В жертвенник врезалась ледяная глыба, разрубив его пополам – но Ярина осталась стоять недвижимо, отгородившись огненной стеной. На миг, казалось, всё замерло – Евсей затаил дыхание, всем телом подавшись вперёд… А потом небеса прорезала ослепительная молния.
*
Змеёныши громадной ледяной лавиной хлынули к реке. Колдуны, змеи и дружинники удивлённо опускали мечи и руки, недоумённо глядя вслед недавним противникам – тех за миг совершенно перестала интересовать человеческая плоть. Погружаясь в воду, они сливались со Змеевым телом и он рос, устремляя рогатую голову к небесам оскаленной пастью вверх – туда, где раз за разом сверкали белые молнии, прорезая напущенную Змеем тьму. Грома не было.
Созвездие дракона гасло медленно, но неумолимо – вместо него сквозь плотные тучи тьмы – а оказалось, что это были всего лишь тучи – прорезались солнечные лучи, ранившие шипящего от боли Змея.
– Калос, – шепнул Евсей, чувствуя, как снова защипало глаза.
Он смотрел, как солнце медленно, но верно пронзает тьму острыми лучами, и сердце его щемило от восторга и благоговения. Наверное, если бы он стоял, ноги его сами собой подогнулись бы – столько величия и силы было в том, кто наступал на Змея!

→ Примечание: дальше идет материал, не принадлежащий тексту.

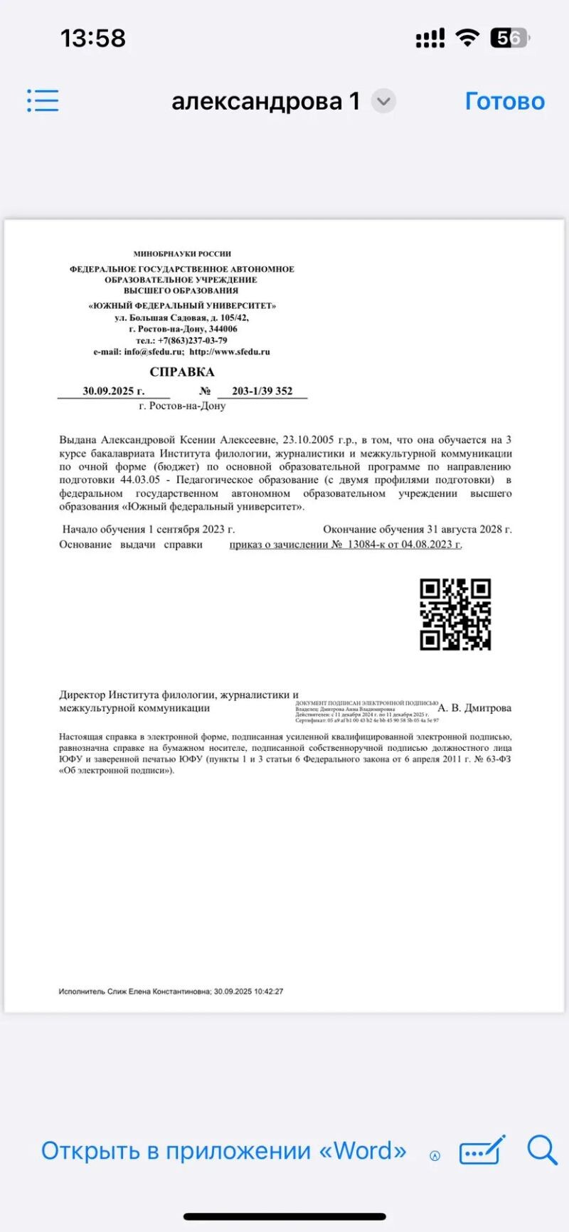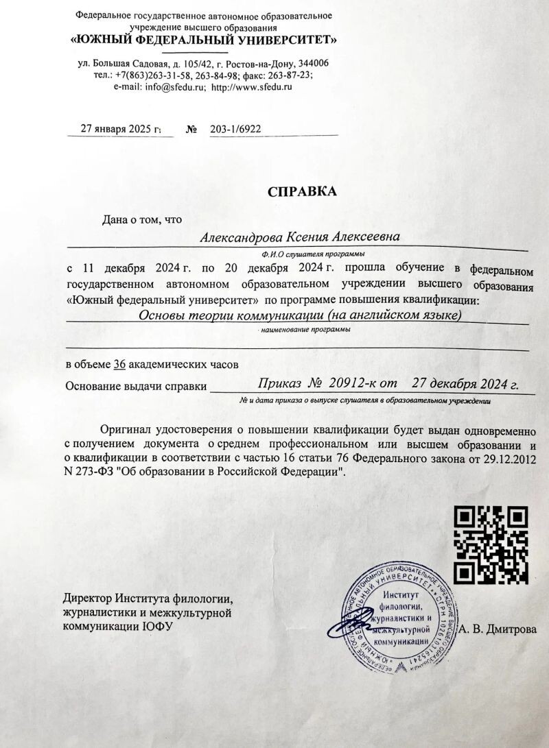 - Справка об обучении в лучшем вузе юга. Педагог с двумя профилями Английский язык+ Французский язык (с 2025 г.).

– Больем? – Послышался сзади недоверчивый голос Велимиры, и она вдруг расхохоталась. – Ну точно, Больем! Это он, выходит, и соперника заточил, и новое имя себе создал – хорош, старый прохвост!
– Ой, – Забава прижала ладони к щекам, глядя на то, как растворялись последние звезды, – это что же… Это как же…
«Это не Жог и не Больем, это Калос!», – раздражённо подумал Евсей, но ничего не сказал. Не стоило портить девушкам радость – к тому же, как его не назови, всё одно – Змей будет повержен.
Ему показалось, будто среди лёгких кудрявых облаков, которыми обернулись грозные тяжёлые тучи, он разглядел проблеск золота строгих янтарных глаз – а потом молния влетела прямиком Змею в пасть.
Он взревел, и речные воды хлынули на берег – люди едва успели отскочить подальше, и вода достала только до их колен. Евсей испуганно приподнялся – и тут же осел, успокоенный – Ярина колдовством, точно прочной верёвкой, подтянула к себе тело его учителя, и он не скрылся под водой.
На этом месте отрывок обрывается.